Everyone is aware of the high prices of the normal drugs, but a number of countries—India is one—can produce similar, effective drugs more cheaply. Should we source those similar, cheaper drugs to help spread the cost?
I am sure that is the case; indeed, the global fund does do that. However, that does not prevent the supply of drugs, even if they are affordable in part, from becoming intermittent. As a consequence, we end up with the more extreme cases of TB.
The UK Government have played a leading role in the response to TB globally, investing in research and development on new tools to tackle TB, supporting efforts to increase the profile of the disease through the Stop TB Partnership and supporting key institutions such as the global fund, which accounts for more than 80% of donor funding to tackle TB in developing countries.
I mentioned in an intervention that I visited Ethiopia earlier this year. I went there with Results UK in the February recess, along with the hon. Member for South Derbyshire (Heather Wheeler), my hon. Friend the Member for Workington (Sir Tony Cunningham) and two Members of the other place. In Addis Ababa, we visited St Peter’s hospital, which is Ethiopia’s national TB referral hospital. With support from the global fund, St Peter’s provides care for TB referral cases and patients with multi-drug-resistant tuberculosis. It also provides care and treatment to people living with HIV/AIDS, which is of course closely linked to TB.
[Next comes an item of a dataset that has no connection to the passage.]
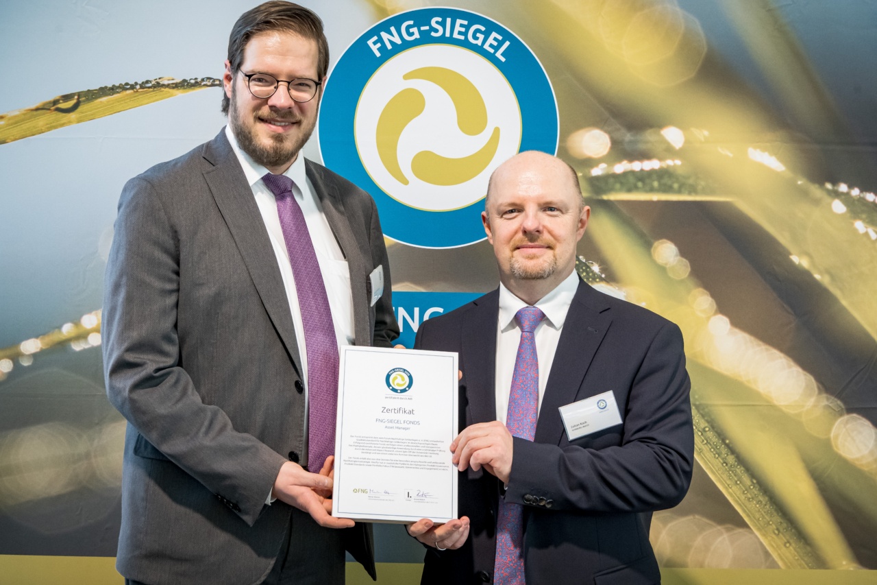 Im deutschsprachigen Raum ist das unabhängige FNG-Siegel das bekannteste Qualitätssiegel für nachhaltige Investmentfonds und als Auswahlhilfe für Anleger etabliert. Timm von Beuningen und Zoltan Koch nahmen die Auszeichnung vor Ort bei der Vergabefeier in Frankfurt entgegen. Herzlichen Glückwunsch!

The hospital demonstrated that, with proper funding, low-income countries can use minimal resources efficiently and effectively to respond to the threat of drug-resistant TB. As I said in my intervention on the right hon. Member for Arundel and South Downs (Nick Herbert), we also visited Awasa and looked at the great work TB REACH was doing there to find the missing 3 million cases.
While we were in Ethiopia, we did not look just at TB, although that was our primary aim. We also looked at Ethiopia’s strong planning and innovative response to its human resource crisis. It is using its health extension programme, which quite a lot of our money has gone into developing. Funding to support such successful interventions has been provided by key multilateral organisations, including the global fund and TB REACH. I reiterate that, in addition to what they have done already, the UK Government have put £1 billion over three years into the global fund, and they are much to be credited for that.
Finally, I have travelled the Commonwealth on many occasions over the years. When we were out in Addis Ababa, we had a meeting with DFID—I say this because the Minister is here—and it was one of the most positive meetings I have ever had. The DFID people knew exactly where global fund money and our taxpayers’ money was going: to help people in dire need of an improvement in their health, as well as in their quality of life, through water supplies and things like that. We always hear negative views about what happens to taxpayers’ money when it goes to the developing world, so it is worth putting on record that that was the most positive experience I have had since becoming a Member of the House.